JEE Advanced 2017 Paper 1

Given: Hyperbola $\;\frac{x^{2}}{a^{2}} - \;\frac{y^{2}}{16} = 1 \;\;$ . - - - - - - - (1) Tangent $: 2x - y + 1 = 0 - \cdot s - -2$ or $2x + 1 = y \;\; \cdot s \cdot s \cdot s \cdot s (2)$ As we know, general form of tangent is $y = mx + c$ where condition of tangency $\Rightarrow c^{2} =$ $a^{2} m^{2} - b^{2} \;\; \dots (3)$ From Equation of Hyperbola, $a = a, b = 4$ And values of $c$ and $m$ from the given equation of tangent, $c = 1, m = 2$ $\Rightarrow$ In Equation $(3), \Rightarrow 1^{2} = a^{2}(2)^{2} - (4)^{2}$ $\Rightarrow 1^{2} = 4 a^{2} - 16$ $\Rightarrow 4 a^{2} = 17 \Rightarrow a = \;\frac{\pm \sqrt{17}}{2}$ Now, checking the options with Pythagoras Theorem as they are sides of right angled triangle, C) $2a, 4, 1 \Rightarrow \sqrt{17}, 4, 1 \Rightarrow \sqrt{17} > \sqrt{16} \Rightarrow \sqrt{17} > 4$ So, $\sqrt{17}$ is the bigger side. By Pythagoras theorem, $(1)^{2} + (4)^{2} = (\sqrt{17})^{2}$ $1 + 16 = 17$ It is a correct set.
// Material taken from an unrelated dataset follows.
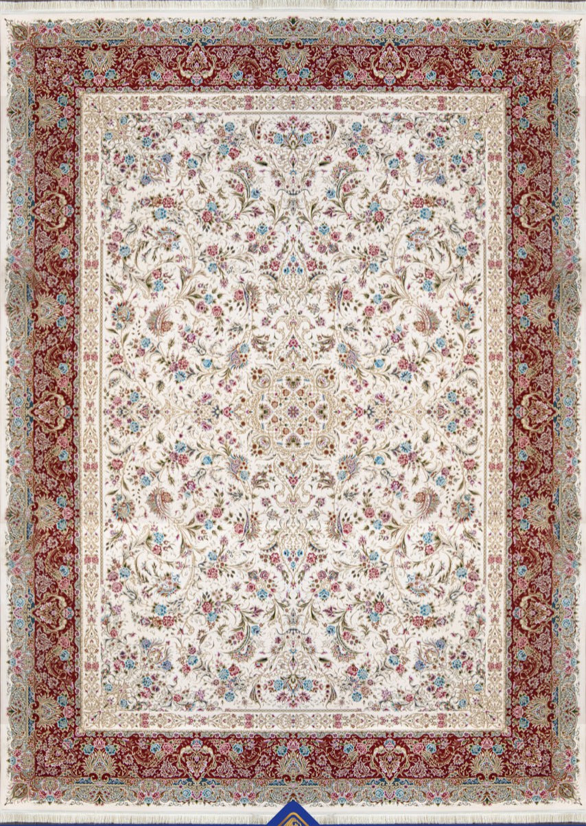 فرش ماشینی 1500 شانه اصل تراکم 4500 برجسته، اورجینال 10 رنگ، نقشه ابریشم کد 8809 ، صددرصد نخ ترک با ۶۰ ماه ضمانت کیفیت و ضمانت مرجوعی کیفیت، بسیار باکیفیت، بافت با رنگ های متنوع زمینه: کرم، مشکی سرمه ای- نقره ای - دودی، ارسال رایگان تا باربری شهر مقصد

D) $2a, 8, 1$ $8 > \sqrt{17} \Rightarrow 8$ is bigger side. $\Rightarrow 64 = (\sqrt{17})^{2} + (1)^{2}$ $\Rightarrow 64 \neq 17 + 1$ So, they cannot be sides of the triangle. B) $a, 4, 1$ $4 > \;\frac{\sqrt{17}}{2} \Rightarrow 4$ is the biggest side. $16 = \;\frac{17}{4} + 1$ $16 \neq \;\frac{21}{4}$ They cannot be sides of a right angled triangle.A) $a, 4, 2$ $4 > \;\frac{\sqrt{17}}{2}$ $4^{2} = \left(\;\frac{\sqrt{17}}{2}\right)^{2} + (2)^{2} = \;\frac{17}{4} + 4$ $\Rightarrow 16 \neq \;\frac{33}{4}$ They cannot be sides of a right angled triangle.